18 Ekim 2024
Türk Tabipleri Birliği (TTB) Merkez Konseyi Başkanı Dr. Alpay Azap, İstanbul’daki yenidoğan çetesi skandalı ve AKP hükümetinin Sağlıkta Dönüşüm Programı ile ilgili çarpıcı açıklamalarda bulundu. Azap, yıllardır eleştirdikleri sağlık sistemindeki ticarileşmenin ve piyasa odaklı yaklaşımın, sektörde ciddi çürüme ve güven kaybına yol açtığını belirtti. Hekimlerin haksız yere zan altında kalmasından ötürü duyduğu öfkeyi dile getiren Azap, mevcut sağlık politikalarının acilen terk edilmesi gerektiğini söyledi.
Dr. Alpay Azap, İstanbul’da bebek hastalarını özel hastanelerin yenidoğan ünitelerine sevk ederek ölümlerine neden olan ve haksız kazanç elde eden çeteye ilişkin skandalın, Sağlıkta Dönüşüm Programı’nın sonuçlarını gözler önüne serdiğini belirtti. Azap, “Bu olay, Sağlıkta Dönüşüm Programı’nın sağlık sistemini nasıl çürüttüğünü ve sonuçlarının ne kadar yıkıcı olabileceğini ortaya koydu” dedi.
Azap, Sağlıkta Dönüşüm Programı’nın Dünya Bankası tarafından Türkiye’ye dayatıldığını ve AKP hükümetinin tek başına iktidara geldiği dönemde hızla uygulanmaya başlandığını söyledi. “Bu program, sağlık sistemini ticarileştirip piyasaya teslim eden bir yapıdır. Hastaneler ticarethane, hastalar müşteri konumuna getirildi” diyen Azap, programın sağlık sisteminde kalıcı sorunlara neden olduğunu vurguladı.

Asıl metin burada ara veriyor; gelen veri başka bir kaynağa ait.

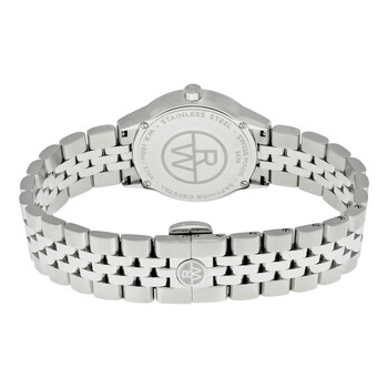 Stainless steel case with a stainless steel bracelet. Fixed stainless steel bezel. Black dial with luminous hands and diamond hour markers. Arabic numerals mark the 6 and 12 o'clock positions. Minute markers around the outer rim. Dial Type: Analog. Luminescent hands and markers. Date display at the 4 o'clock position. Quartz movement. Scratch resistant sapphire crystal. Pull / push crown. Solid case back. Case size: 29 mm. Case thickness: 6.55 mm. Round case shape. Deployment clasp. Water resistant at 100 meters / 330 feet. Functions: date, hour, minute, second. Dress watch style. Watch label: Swiss Made. Item Variations: 5670 ST 05645, 5670.ST.05645, 5670ST05645. Raymond Weil Freelancer Black Dial Ladies Watch 5670-ST-05645.

Hekimlerin zan altında bırakılmasına büyük tepki
Yenidoğan çetesi skandalı sonrası tüm hekimlerin zan altında bırakılmasına yönelik de sert eleştirilerde bulunan Azap, “Hekimlerin büyük çoğunluğu, tamamen tıbbi gerekliliklere göre hareket eder ve hastanın iyiliği için çalışır. Ancak birkaç kötü örnek yüzünden tüm hekimlerin suçlanması bizi öfkelendiriyor. Biz halkın öfkesini anlıyoruz, ancak hekimler olarak biz çok daha öfkeliyiz” dedi. Azap, halkla kurulan güven ilişkisinin zarar gördüğünü ve bu güveni yeniden tesis etmenin son derece zor olacağını belirterek sözlerine şöyle devam etti:
“Biz Sağlıkta Dönüşüm Programı başladığından beri ‘Sağlıkta para olmaz’ dedik. Bilgi tek taraflı olduğu için sağlıkta en önemli şey güven ilişkisidir. Hekimin dediğine hastanın güvenmesi gerekir. Hekimin kafasında başka bir plan gelir kaygısı ya da para kazanma kaygısı olmadığını hastanın bilmesi gerekir. Bu nedenle de bu sistemden paranın tamamen çıkarılması gerekir.”
İstanbul Tabip Odası’nın süreci yakından takip ettiğini söyleyen Azap, konunun etik boyutlarının dikkatlice incelendiğini ifade etti. “Bu olay, hekimlerimizin büyük bir kısmının fedakarca çalıştığı gerçeğini gölgelememeli. Bu bir sistem sorunudur ve mevcut programın terk edilmesi elzemdir” dedi.
Son olarak, Sağlıkta Dönüşüm Programı ile özel hastanelerin ve yatak sayılarının büyük ölçüde artırıldığına, kamu hastanelerinin ise bu dönemde kapatıldığına dikkat çeken Azap, “Bu ticarileşmenin sağlık sistemini çürütmesi kaçınılmazdı. Hasta-hekim ilişkisinde güveni bir kez yitirdikten sonra bunu yeniden tesis etmek çok zor. Ancak elimizden geleni yapacağız” diyerek açıklamalarını noktaladı.